In a review of my Twelve Maxbridge Street, Yowser made a suggestion that I thought was very helpful for a paragraph that I'd had a lot of trouble with. I complicated contraption is involved. He said, "(One suggestion, when complex apparatus is introduced, instead of trying for a clinical third-person narration, perhaps frame it all from the MC’s perspective. You won’t need to get all the shiny bits of detail right and the physics of it all, and ambiguity can be understood in the natural way that the MC is experiencing the new tools of torture. This will heighten reader attention and draw them into the MC’s head, making a clearer picture in general. The reader will appreciate this.)"

Below are my original paragraph, and the re-write in response to Yowser's suggestion. My question is, would I be sacrificing a signature style to make the change?



BEFORE


“OK, Mike. Time’s up,” said the woman in black.

“Now we’d like you to mount this frame,” she said. The handlers were rolling up a metal contraption that had a cross bar at the end closest to the table, a leather strap about a foot wide across the middle, and in back two fiber glass structures which were obviously for his knees, if they were spread apart as far as possible. The handlers helped him get his knees in place and to lay his forearms across the bar in front.
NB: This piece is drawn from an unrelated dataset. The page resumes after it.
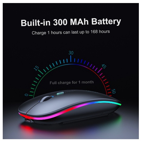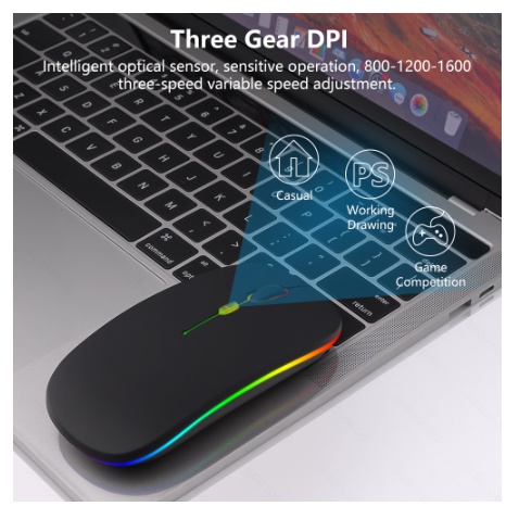 Mayy official id Mouse wireless+bluetooth mouse gaming silent click rechargeable RGB slim 2.4Ghz 1600DPI LED Backlit Isi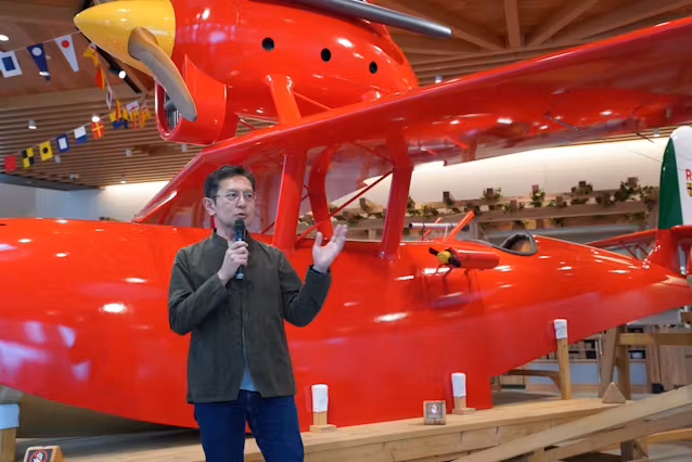 報道陣に店舗を公開した10月31日、スタジオジブリ常務の宮崎吾朗氏は「飛行艇を眺めながらの食事は楽しい体験になる。公園に遊びに来たら寄ってほしい」と話した。店内は赤を基調とし、天井は旗で飾った。

It was padded and covered in leather and there was a depression in the middle that reminded him of the head rest at the ophthalmologist’s office. When he rested his ribs on the leather strap he could rest his forehead on the depression in the front bar or on his hands. The frame had him angled up enough so that if he tipped his head just a little downward he had the same view of his naked, splayed body as the people at the table. He closed his eyes momentarily to savor his exposure. The people at the sides and end of the table got up and gathered around so they could watch what was happening in the back. He could feel the beat of his heart in his penis.

AFTER

There seemed to be no more people armed with phalluses approaching. Faranger let his arms drop and stood relaxed, passive, but his flesh was alight with anticipation for the next touch, whatever it might be. He remained erect.

Presently an apparatus made of shiny stainless steel parts was rolled next to him. At first Faranger could make no sense of it, but then its use became clearer. He acquiesced to the unspoken command and grasped the side bars so he could place his knees in the obvious shapes. He shifted his hands to a bar closest to the table, and let his forehead and torso rest on the places provided. All of the points where he rested were padded, thus allowing him to focus on his exposure without the distraction of discomfort.

His thighs were pulled apart just short of pain and his genitals hung heavy and free, his erection declaring his willing participation to the onlookers.

He was angled to give the people at the table an unobstructed view and his body was flooded with an erotic flush, both humiliating and welcome.

The people at the sides and end of the table got up and gathered around so they could watch what was happening in the back. He could feel the beat of his heart in his penis.
The second version is the best in my opinion which does not surprise me because I find that when I rewrite things, the result is always somewhat better than the first inspiration. Your presentation seems to me to be a very well-polished literary style of a higher order. My own style is more ordinary street level punkery.